- Opening Delimiter -

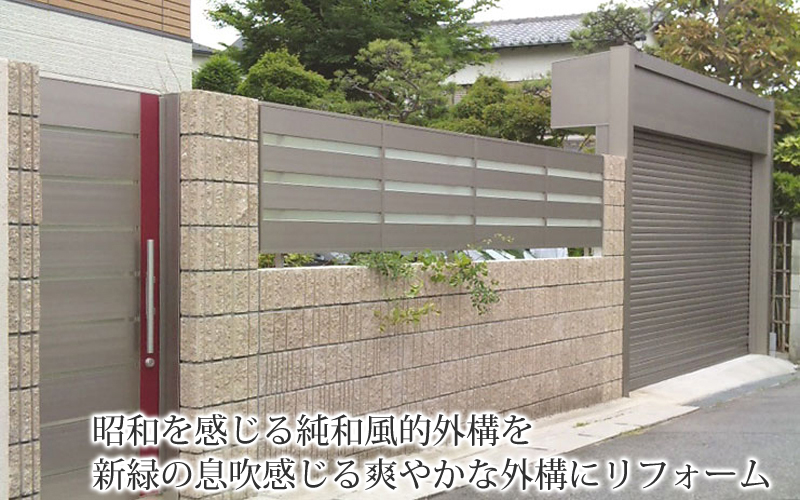 電動で開閉が可能なシャッターゲートは、どんな住宅とも調和がとれるシャープなデザインのシングルシャッターFタイプを使っており、非リフォーム箇所との見た目のバランスも考えております。
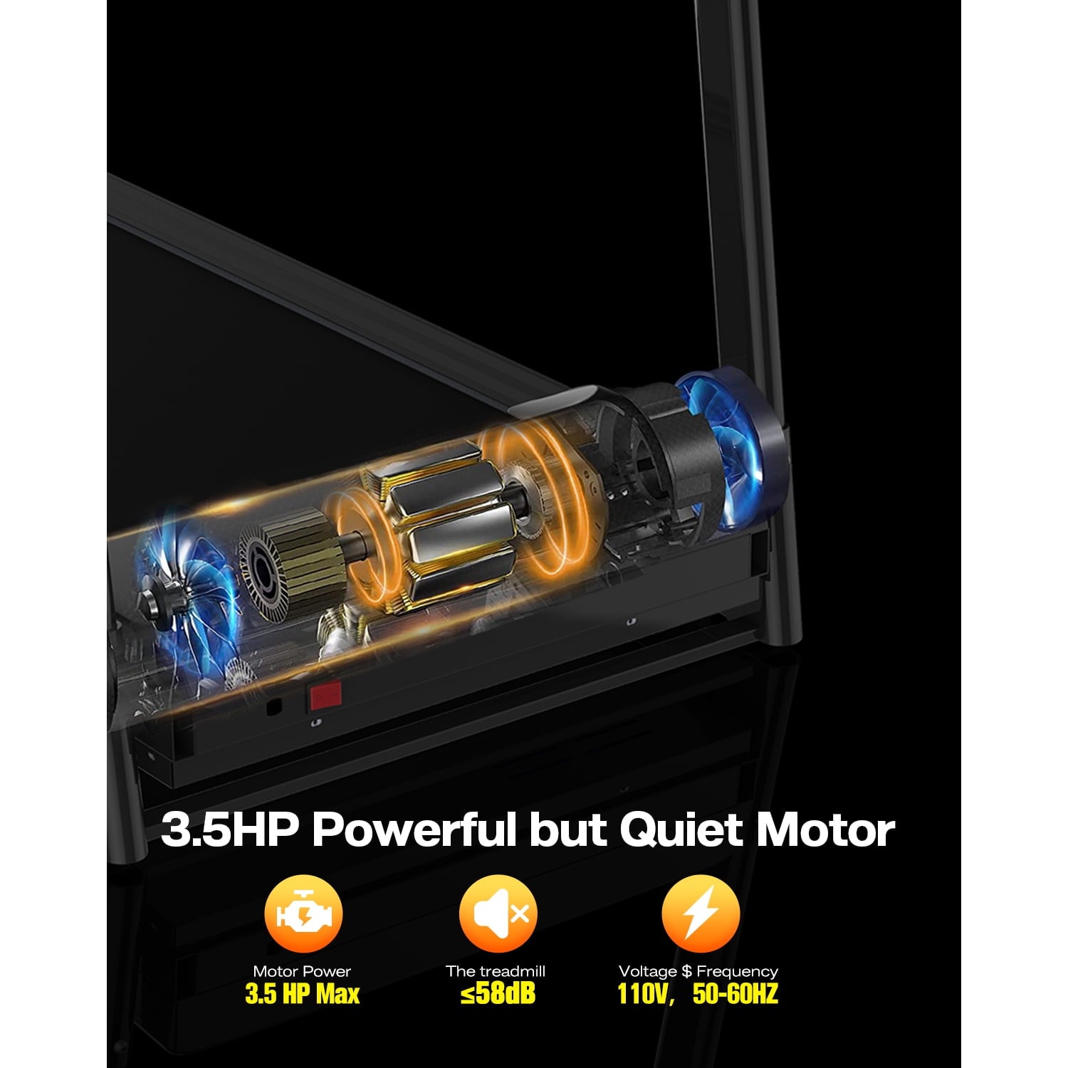 This folding treadmill was powered by a 3.5 horsepower motor that supports speeds from 0.8-10KM/H .Reduce impact on your joints as you walk or run when you strike against the shock-absorption-equipped running deck, compared to exercising on concrete or other hard surfaces.
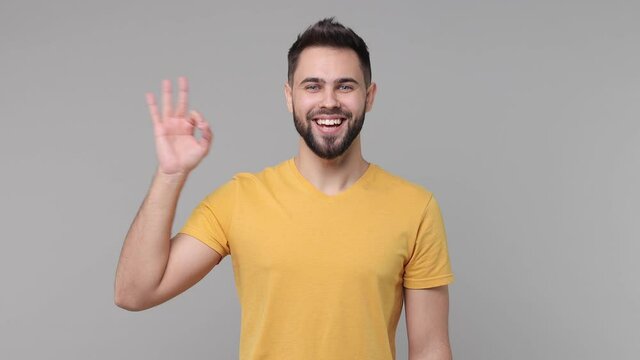 Excited cheerful amazed bearded young man 20s years old wearing yellow casual basic t-shirt isolated on grey color background studio. People lifestyle concept. Looking camera showing ok okay gesture
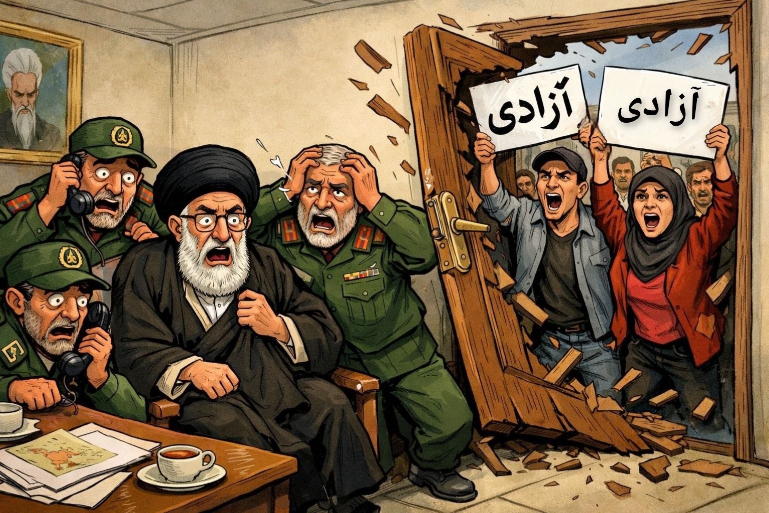 Üçüncü paylaşımda ise protestocuların kapıyı kırarak içeri girdiği sırada İran dini lideri Ayetullah Ali Hameney ve İran Devrim Muhafızları Ordusundan üst düzey liderlerin bir odada saklandığını gösteren karikatüre yer verildi. Paylaşımda, “İsrail için belirledikleri yıkım takvimi şimdi kendileri için belirlenmiş oldu” ifadeleri kullanıldı.

- Closing Delimiter -

Please retype, exactly as they appear, the lines from the one with "This folding treadmill" through the final line of the material, both included, and drop any pictures.

#### WRITTEN ANSWER:
 This folding treadmill was powered by a 3.5 horsepower motor that supports speeds from 0.8-10KM/H .Reduce impact on your joints as you walk or run when you strike against the shock-absorption-equipped running deck, compared to exercising on concrete or other hard surfaces.
 Excited cheerful amazed bearded young man 20s years old wearing yellow casual basic t-shirt isolated on grey color background studio. People lifestyle concept. Looking camera showing ok okay gesture
 Üçüncü paylaşımda ise protestocuların kapıyı kırarak içeri girdiği sırada İran dini lideri Ayetullah Ali Hameney ve İran Devrim Muhafızları Ordusundan üst düzey liderlerin bir odada saklandığını gösteren karikatüre yer verildi. Paylaşımda, “İsrail için belirledikleri yıkım takvimi şimdi kendileri için belirlenmiş oldu” ifadeleri kullanıldı.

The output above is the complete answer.